By: Ronda Polansky M.S. CCC-SLP



CMS Dining Guidelines – Apparently this has gotten a lot of attention from Administrators.  Many concerns have come up regarding CMS not paying for treatment with modified diets, or there can be no more modified diets etc.  Many have come up with their own interpretation of this document.  After contacting ASHA and some others regard this topic, I wanted to help clarify some of the information for everyone.  CMS circulated a position statement from a consortium on Dining Standards.  It does not represent CMS policy. ASHA was invited to participate in the 2010 project/information symposium and stakeholders meetings.  ASHA provided significant comment to the draft.  ASHA was not consulted or notified in advance about the CMS memorandum or the linked surveyor training video. ASHA contacted CMS to express concerns.  The draft is currently being reviewed by SIGs 13 and 15 through ASHA, for additional input.  ASHA is also in the process of scheduling a meeting with CMS to discuss any concerns. The New Dining Standards are not CMS requirements.  The memorandum does not prescribe or imply any changes in the role of an SLP with respect to evaluating or treating dysphagia. Your documentation should reflect the family and pts have been counseled on diet modifications and are in agreement with recommendations.  Hang in there; I do not see any of this becoming an issue once ASHA is represented in the development of this.

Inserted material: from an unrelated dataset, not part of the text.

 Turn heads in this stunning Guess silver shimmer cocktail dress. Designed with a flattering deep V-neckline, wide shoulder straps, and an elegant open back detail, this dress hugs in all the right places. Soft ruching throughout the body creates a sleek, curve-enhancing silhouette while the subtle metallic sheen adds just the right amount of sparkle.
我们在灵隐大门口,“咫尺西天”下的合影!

Needing a post CVA subject for  Texas Christian University Case Study Series

The purpose of this case study is to investigate the effects of a novel FDA-cleared neuromuscular electrical stimulation (NMES) program in patients presenting with persistent dysphagia.

Inclusion criteria:

  • An adult with a diagnosis of CVA and persistent dysphagia with G-Tube placement for 6 months up to 1 year (to eliminate spontaneous recovery)
  • Alert, orientated, able to follow commands and respond to yes and no questions
  • Able to provide their own transportation to the Miller Speech and Hearing Building on the TCU campus 5 days a week, Monday-Friday for 4 weeks to receive a 30 minute treatment (additional 5-10 minutes for set up and removal time)
  • Will need to provide their last modified barium swallow study to confirm that decreased laryngeal elevation is a key feature of their dysphagia
  • Participants will need to be interviewed and fill out questionnaire


Exclusion criteria:

  • Adults who have an implanted electronic device e.g. Pacemaker/defibrillator
  • Adults presenting with moderate/severe receptive aphasia and/or cognitive impairment
  • Patients presenting with progressive diseases e.g. ALS, Parkinson’s
  • Patients who are pregnant
  • Patients who have active cancerous lesions or infections which were present in the head or neck


If you have a patient interested in participating in this study, please call Rick McAdoo or Russ Campbell at 682-561-2444. There will be no cost for the dysphagia treatment provided to this individual.


Home Health fees and outpatient MBSS at a hospital vs. mobile – Just wanted to provide you with some of the feedback we have been getting from Home Health agencies.  Many  have been upset over our 2013 implemented travel fee of $25.00, therefore many have opted to send the patient to the hospital, but have found out quickly that because HH falls under consolidated billing just as LTC facilities do, the hospital will be billing the HH company for the entire bill for the MBS. CMS is clear in their regulations that the 92611 (ST code for MBSS) falls under consolidated billing as a speech service and this applies to SNF and HH. Nevertheless, the mobile unit is the least expensive way to go and will get scheduled in a more timely manner.  If you have any further questions, please call and speak to our billing office.


Allergic to…… or Gluten Free etc.

If a patient is allergic to a certain food or type of food, please supply what is appropriate for them to eat, as we do not provide options such as gluten free foods or other varieties on the van.  We supply and stock our standard protocol of applesauce, pudding, mixed fruit, cookies, and various consistencies of barium.


G-Codes/NOMS Levels for Swallowing on MBSS report

I have had some people calling asking for the definitions of the G-code ratings on our reports. These are specific to swallowing only and can be found on the ASHA website as they correspond with the NOMS level.. We provide all three because we provide an evaluation and it is also a one-time visit for us.  We are required to provide this information as well on Med B.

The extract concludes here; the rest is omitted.